Starting at the first line of the entries, extract each line up to and including the one that contains "根據國家統計局數據顯示:20", but leave out the pictures.

==== Information supplied ====

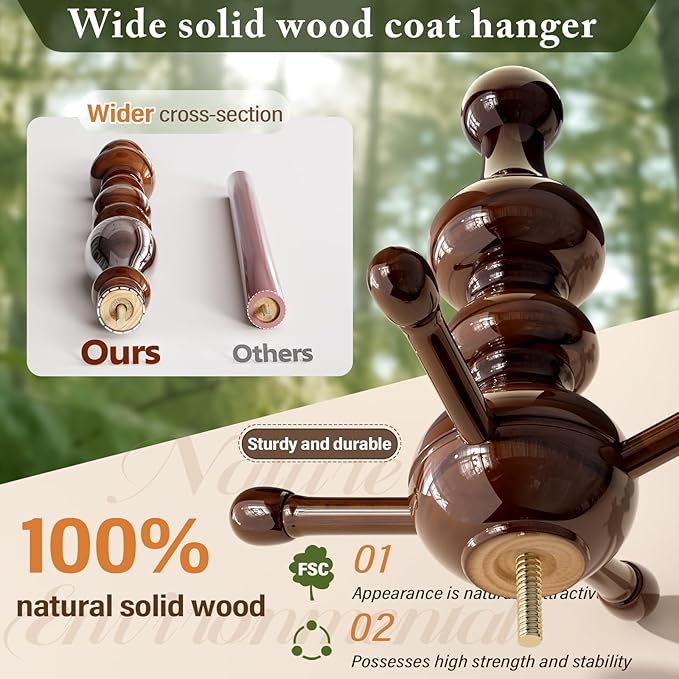 - ATTRACTIVE APPEARANCE STANDING COAT RACK: This wood hat and coat rack stand is designed in stylish and simple style, both attractive and functional, it can well match with a variety of decoration accents. The appealing design and finish of the standing coat rack tree, that it enhances the look of their space. The lip around the tray is designed to protect the items from falling.
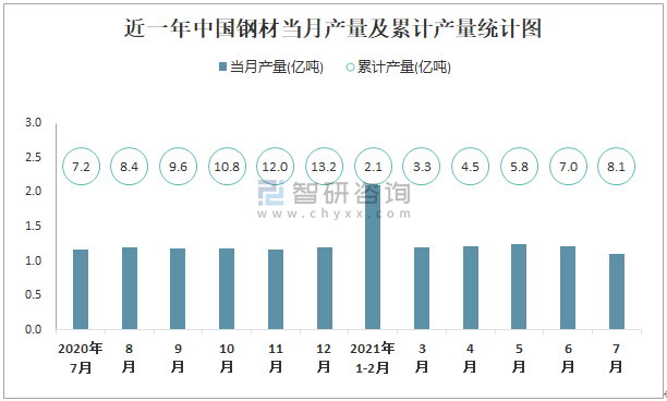 根據國家統計局數據顯示:2021年7月中國鋼材產量為1.1億噸,同比下降6.6%;2021年1-7月中國鋼材累計產量為8.1億噸,累計增長10.5%;2015-2020年中國鋼材產量2017年起逐年遞增,2020年達到最大值。
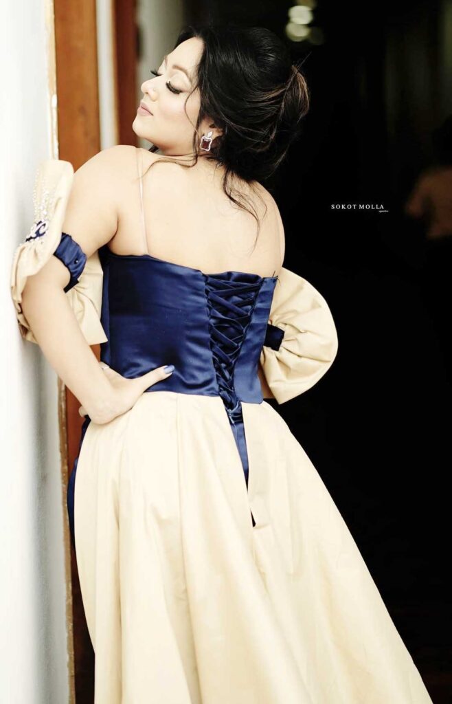 এদিকে পর্দার বাইরে সামাজিক মাধ্যমে সরব থাকেন দীঘি। বিভিন্ন সাজে নিজেকে উপস্থাপন করেন এবং ভক্তদের সামনে নিয়মিতই ধরা দেন এই অভিনেত্রী। তারই ধারায় শুক্রবার সন্ধ্যায় সামাজিক মাধ্যমে একাধিক ছবি প্রকাশ করলেন। তাতে দেখা যায়, একটি নীল-সোনালী গাউন পরেছেন দীঘি। তবে আগের তুলনায় দীঘি এবারের উপস্থিতি ছিল অনেকটা সাহসী। এ সময় খানিকটা খোলামেলা অবস্থায় দেখা যায় তাকে। দীঘির এই মোহনীয়-আবেদনময়ী লুক যে রীতিমতো মুগ্ধতা ছড়িয়েছে ভক্তদের মাঝে, তা আর বলার বাকি রাখে না।
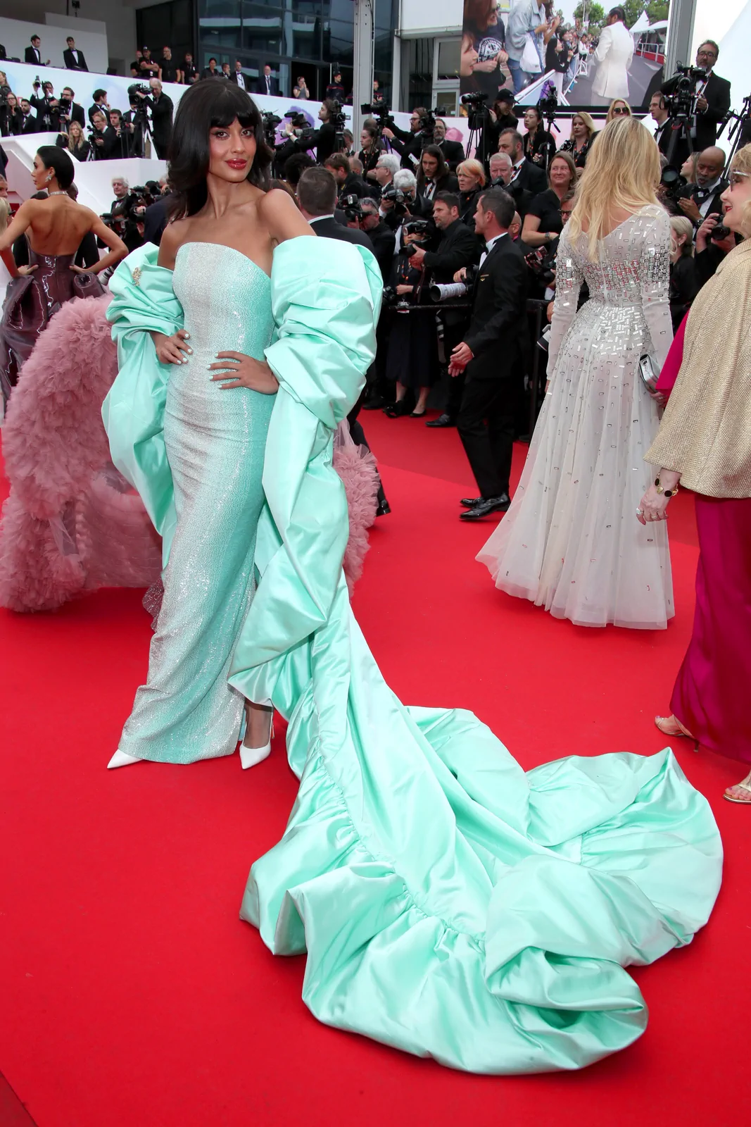 At the 78th Cannes Film Festival on May 19, 2025, Jameela Jamil electrified the red carpet at the Highest 2 Lowest premiere with an outfit that unmistakably spoke of fearless innovation and modern glamour. She embraced a light green sequin gown that shimmered with every step, its intricate design catching the light and exuding a sophisticated yet playful energy. Accentuating this striking look, Jameela paired the ensemble with a statement ruffled shawl that added a dynamic texture and visual drama, perfectly capturing the spirit of the evening.
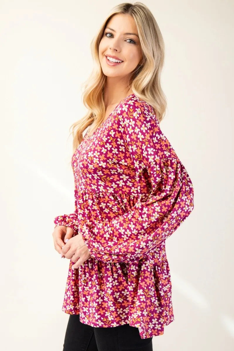 This Floral V-Neck Balloon Sleeve Blouse is inspired by a beautiful floral pattern for a romantic and fresh atmosphere. The V-neck design shows the graceful temperament of women, and the balloon sleeve design adds a hint of playful and fashionable sense. Whether it is paired with jeans or skirts, it can show a sweet and stylish style. This shirt is perfect for many occasions and gives you a charming flower charm in your daily life.
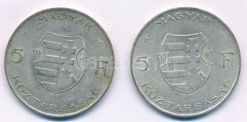 1947. 5Ft Ag "Kossuth" (2x) T:3 Adamo F8.1 https://www.darabanth.com/de/374-Fernauktion/374.0/Numismatik/Ungarische-Munzen-und-Munzen-mit-ungarischem-Munzzeichen~1500008/1947-5Ft-Ag-Kossuth-2x-T3-Adamo-F81~II2170296
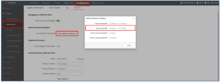2 & 3. Some devices support to check network resource statistics. Turn to Configuration > Maintenance > Network Resource Statistics. If the previous value of Input Bandwidth is almost equals to the latter value, please reduce bitrate.
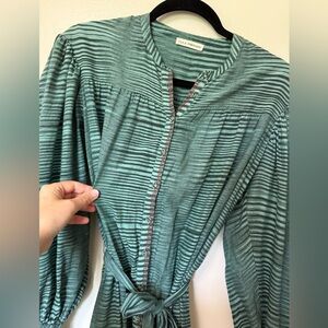 Ulla Johnson cotton Elegant Green button down Long, puff Sleeve shirt Dress

====

**Answer for the task**
 - ATTRACTIVE APPEARANCE STANDING COAT RACK: This wood hat and coat rack stand is designed in stylish and simple style, both attractive and functional, it can well match with a variety of decoration accents. The appealing design and finish of the standing coat rack tree, that it enhances the look of their space. The lip around the tray is designed to protect the items from falling.
 根據國家統計局數據顯示:2021年7月中國鋼材產量為1.1億噸,同比下降6.6%;2021年1-7月中國鋼材累計產量為8.1億噸,累計增長10.5%;2015-2020年中國鋼材產量2017年起逐年遞增,2020年達到最大值。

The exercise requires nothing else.